In a study done at Baylor University, three of the issues disabled students felt to be most important to their success were: counseling which included an in-depth assessment of the student’s requirements and needs, caring people who offered a solid support system, and extra time on their tests. Study skills, time management and a solid sense of security in their environment were other issues these students felt were of great importance to their success. (Smith 2004 p.4).
There are many groups who seek to help students with disabilities, such as the National Association of Blind Students, College and Career Programs for Deaf Students, and CHADD, a leading non-profit organization for both children and adult students with ADHD. One group, known as AHEAD or Association on Higher Education And Disability, is a group committed to “full participation of persons with disabilities in post secondary education. ” (Smith 2004 p. 5).
AHEAD values such things as diversity, personal growth and creativity in those with disabilities, while promoting leadership in this same group. AHEAD seeks to stay abreast of current issues regarding disabilities, education and accessibility for those with disabilities. Since 1977 AHEAD has excelled in delivering quality training to those with disabilities and actively addresses disability issues on campuses. There are many challenges and issues facing disabled college students.

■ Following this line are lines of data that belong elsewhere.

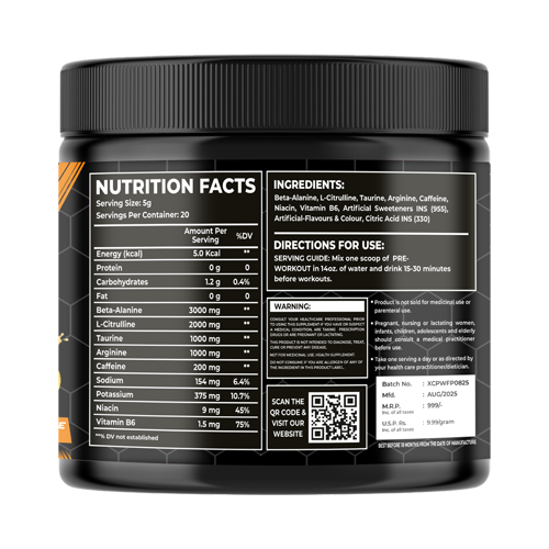 • Fruity Sensation in Orange Flavour: India’s first pre-workout that refreshes you with every sip.
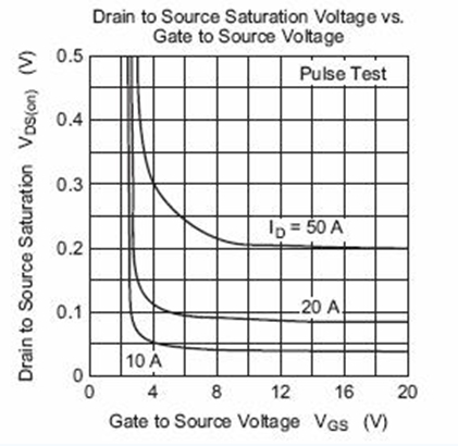 下圖是瑞薩2SK3418的Vgs電壓和Vds電壓的關(guān)系圖。可以看出小電流時,Vgs達到4V,DS間壓降已經(jīng)很小,可以認(rèn)為導(dǎo)通。
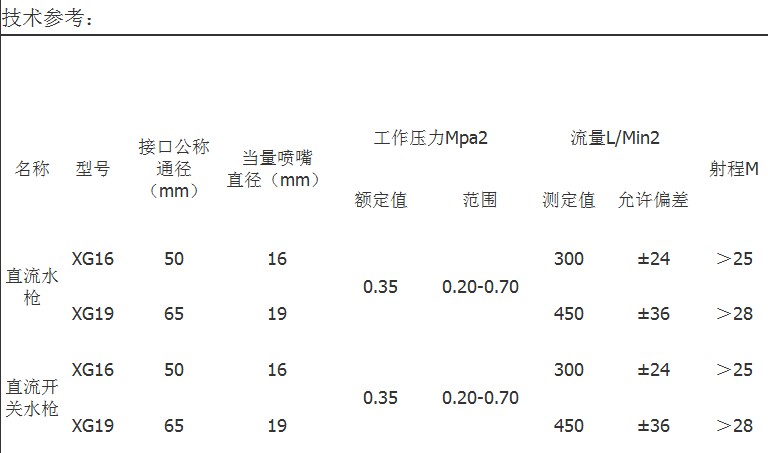 品名:消防水槍 規格:50mm 65mm 產品介紹:是滅火的射水工具,用其與水帶連接會噴射密集充實的水流。具有射程遠、水量大等優點。它由主管牙接口、槍體和噴嘴等主要零部件組成。直流開關水槍,是直流增加球閥開關等部件組成可以通過開關控制水流。
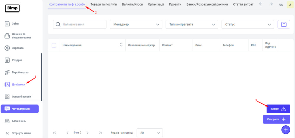 Для того, щоб підвантажити шаблон контрагентів, необхідно перейти в блок Довідники розділ Контрагенти та фізособи та натиснути на кнопку "Імпорт".
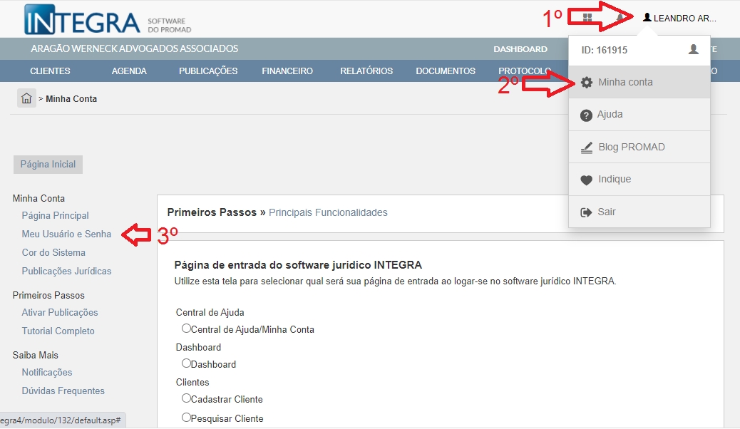 3. Se este é o seu primeiro acesso, promova imediatamente a troca da sua senha de acesso. Basta acessar o menu clicando no seu nome de usuário (canto superior direito) e, em seguida, nas opções indicadas abaixo:
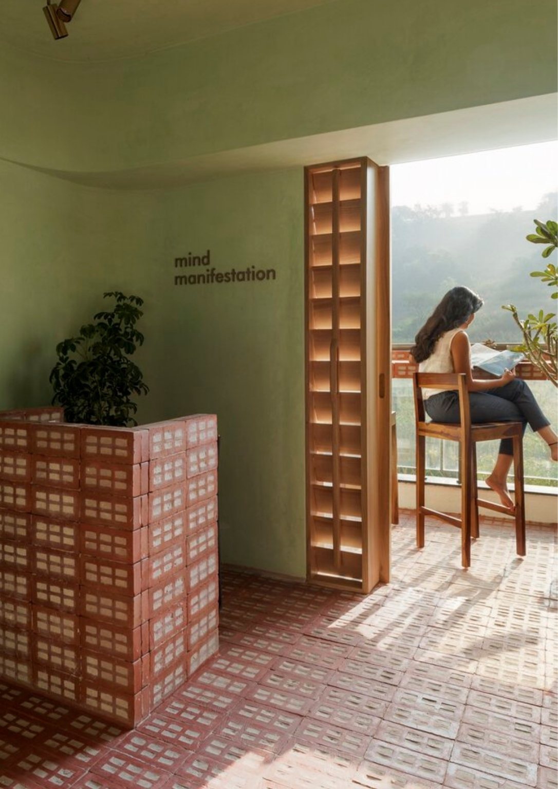 Design firm Mind Manifestation builds its office overlooking the hills in Pune, India. Aptly called Studio by the Hill, the 120-square-meter office pontificates perforated bricks and lime washed walls. The design adapts to the local climate and artfully reflects the surrounding environment. The studio transforms the apartment intending to represent their principles while innovating materials that respond to the native context and conditions.
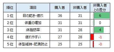 「目の乾き・疲れ」の回答が最も多く、冷凍ブルーベリーを購入していない人と比べると6ポイント回答率が高いことがわかりました。冷凍ブルーベリーの購入金額は年代が上がるほど多かったことから、加齢に伴う視力低下が気になって購入されていると推察されます。
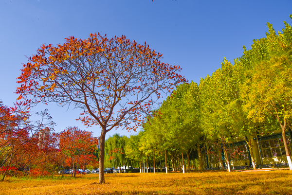 所有的楼宇都为秋天的到来争相换了装束
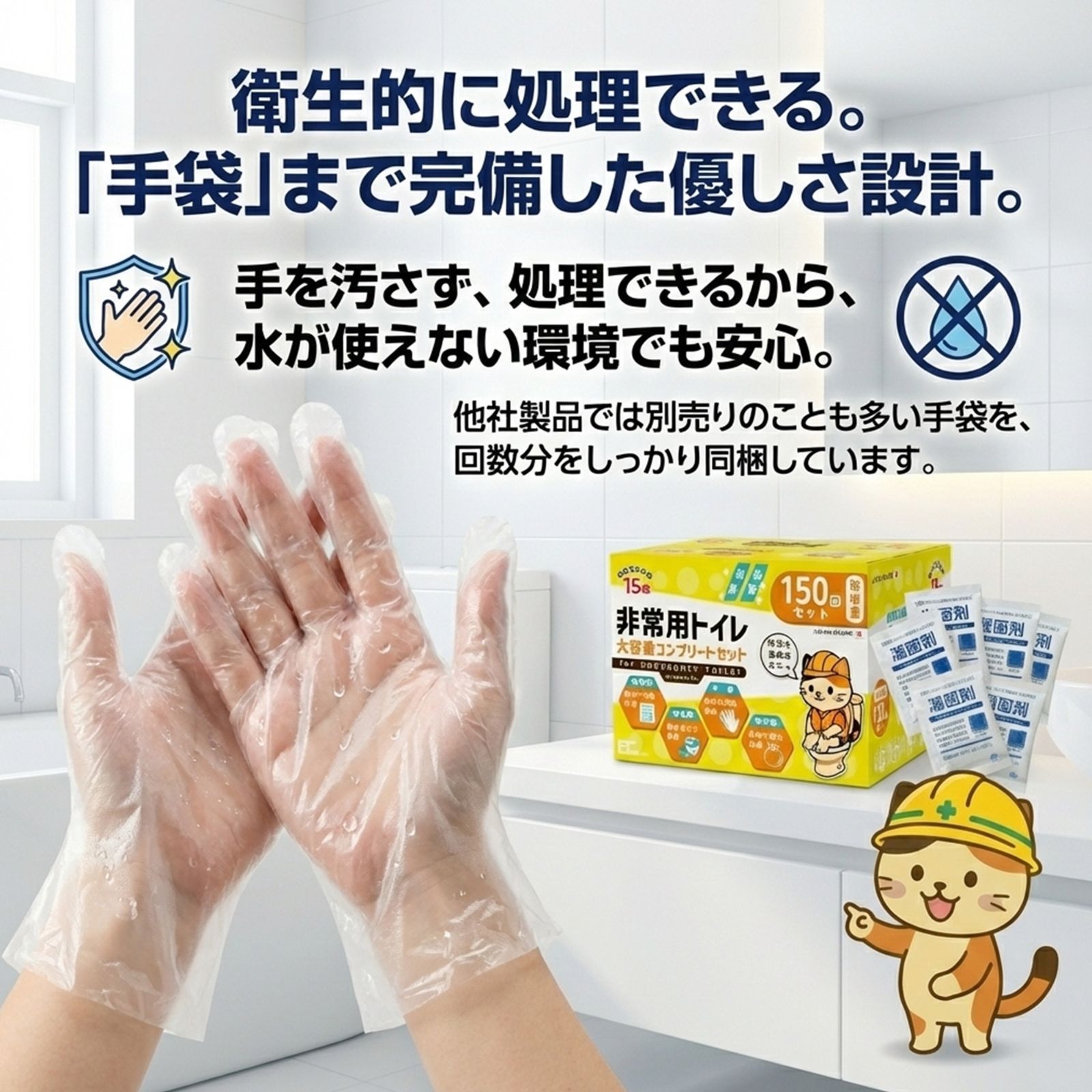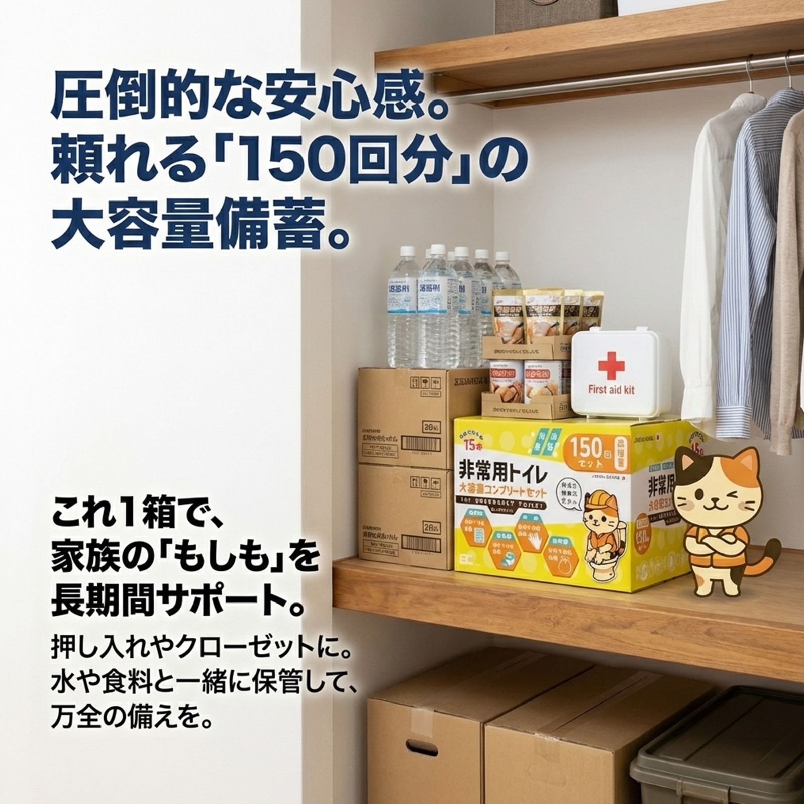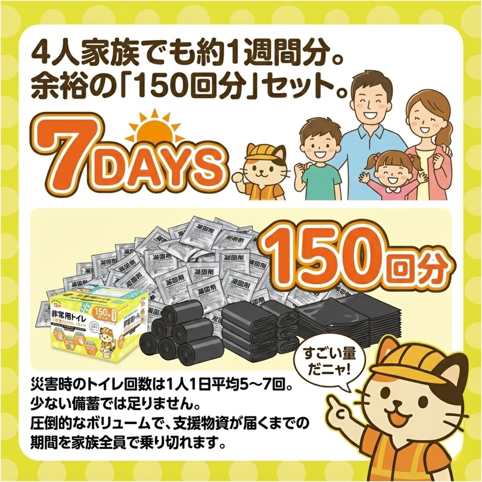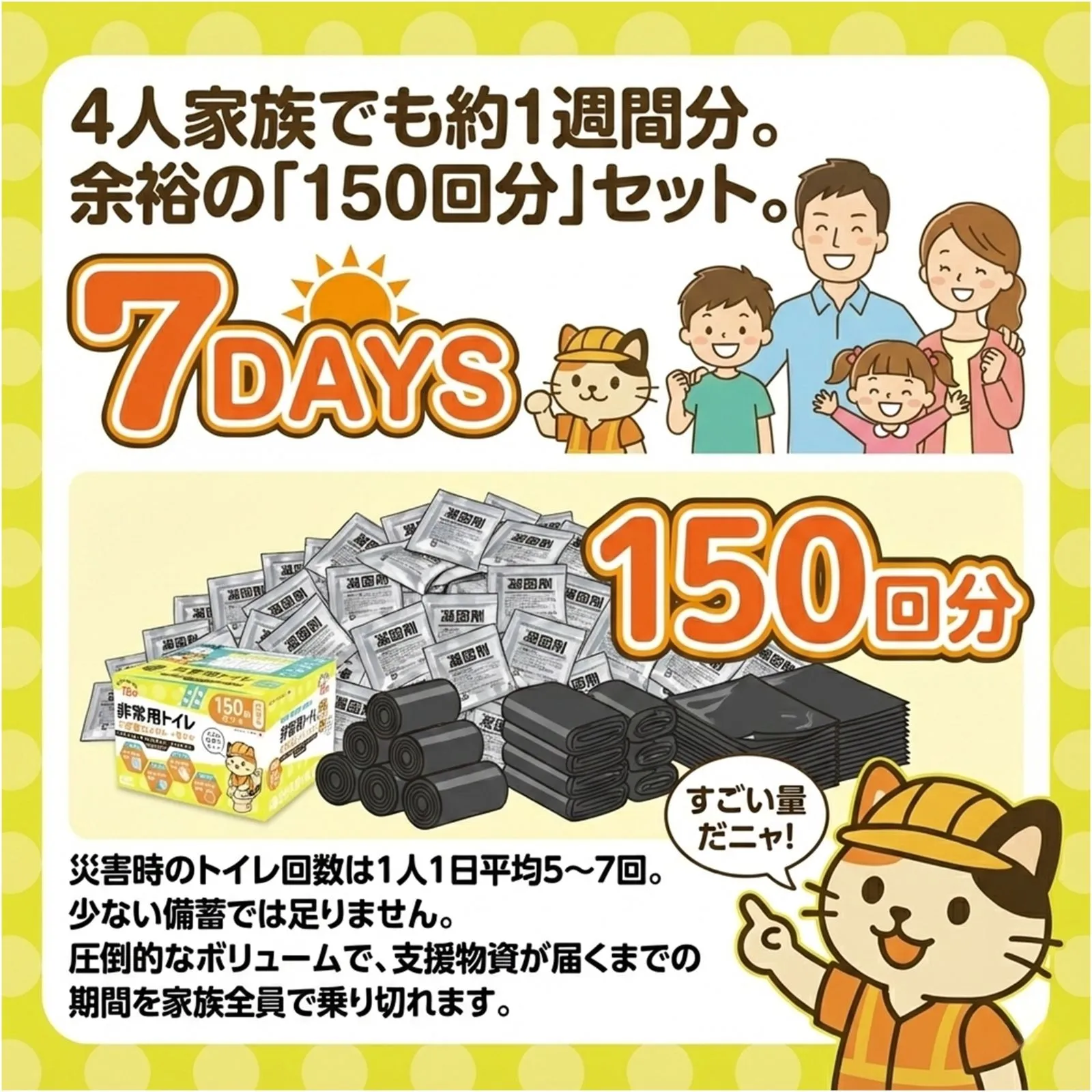災害時のトイレ回数は1人1日平均5~7回。少ない備蓄ではすぐに底をついてしまいます。150回分の大容量なら、支援物資が届くまでの期間を家族全員でしっかり乗り切れます。

Thanks to the ADA and the Rehabilitation Act, the actual physical challenges have lessened immensely for students and great strides have been made in accommodating physical disabilities in most all areas of classrooms, dorms, library, parking and cafeteria. More work needs to be done, however on the mental disability issue, as there tends to be more negativity and stigma attached to mental disabilities than physical, and colleges still have a ways to go to accommodate these students.